Background: the origin of the current SARS-CoV-2 virus is still elusive. However, the finding that Laos bats host closest known relatives of virus behind Covid that even without the furin site they can infect human cells, it is a giant stride forward to known the progenitor of the virus. The mystery focus on the CGG-CGG code of the SARS-CoV-2 furin site arginine dimer. This genetic footprint has not been observed in natural coronaviruses.
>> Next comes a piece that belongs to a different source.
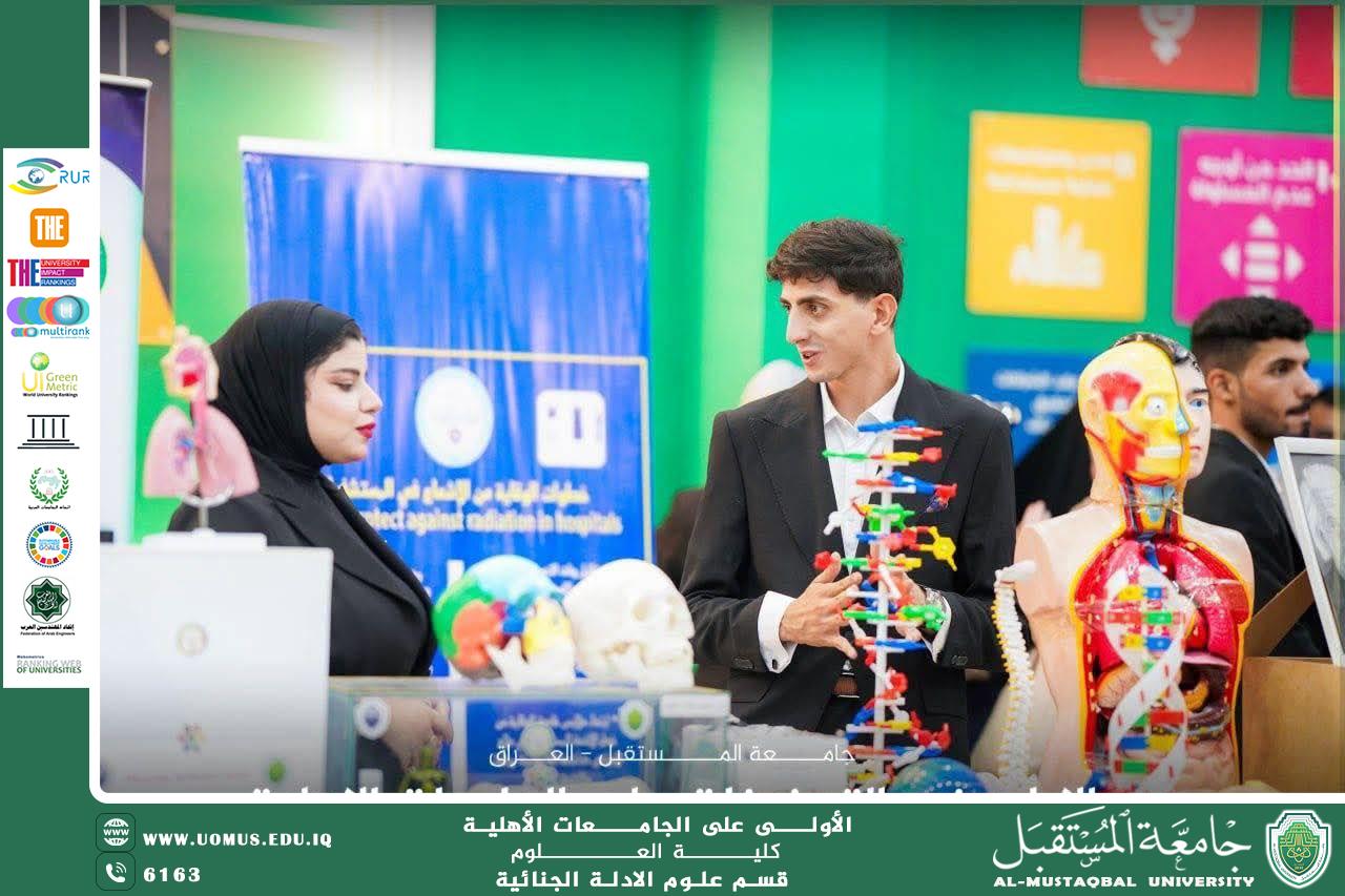 The ceremony featured scientific exhibitions and practical demonstrations presented by students from the Departments of Biochemistry, Forensic Evidence, Medical Analysis, and Intelligent Medical Systems, showcasing innovative research projects that reflect creativity, academic distinction, and alignment with the United Nations Sustainable Development Goals (SDGs), including:
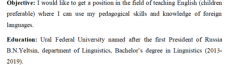 教育程度:烏拉爾聯(lián)邦大學,語言學系的語言學學士學位(2013-2019年)。 練習英語 2013-2014年個人英語補習兒童(8-12歲) 俄羅斯Kamensk-Uralskiy |

Results: based in a bioinformatic approach I found that the two possible 12-nucleotide fragment (and they reverse complement) properly inserted within the codon S680 in the S gene of the closest relative to the virus, encoding the PRRA furin site motif, 100% match to severe human NCBI RefSeq curated mRNA protein-coding transcripts. The genes to which these transcripts belong are ubiquitously and highly expressed genes, e.g., the alpha subunit of the mitochondrial ATP synthase F1 (ATP5F1) and/or the ubiquitin specific peptidase 21 (USP21); or specific and highly expressed genes in tissues such as small intestine, duodenum, brain, kidney and gonads which are the gateway of the SARS-CoV-2 infection. On the other hand, a significant group of virus specimens have been discovered in which the arginine dimer of the furin site is codon-optimized by the SARS-CoV-2 codon usage bias. Another main finding was to discover other PRRA-like insertions in the S protein from some SARS-CoV-2 specimens.
Conclusions: the first conclusion of this work is that the SARS-CoV-2 is deleting the non-viral origin of the furin site CGG-CGG arginine pair through codon optimization. Based on the results shown here together with the new Laos coronaviruses the main conclusion of this work is that a genetic recombination of unrelated RNA sequences between the a closest relative to SARS-CoV-2 and human transcripts, during an undetected viral circulation in humans, could be the origin of the polybasic furin cleavage site.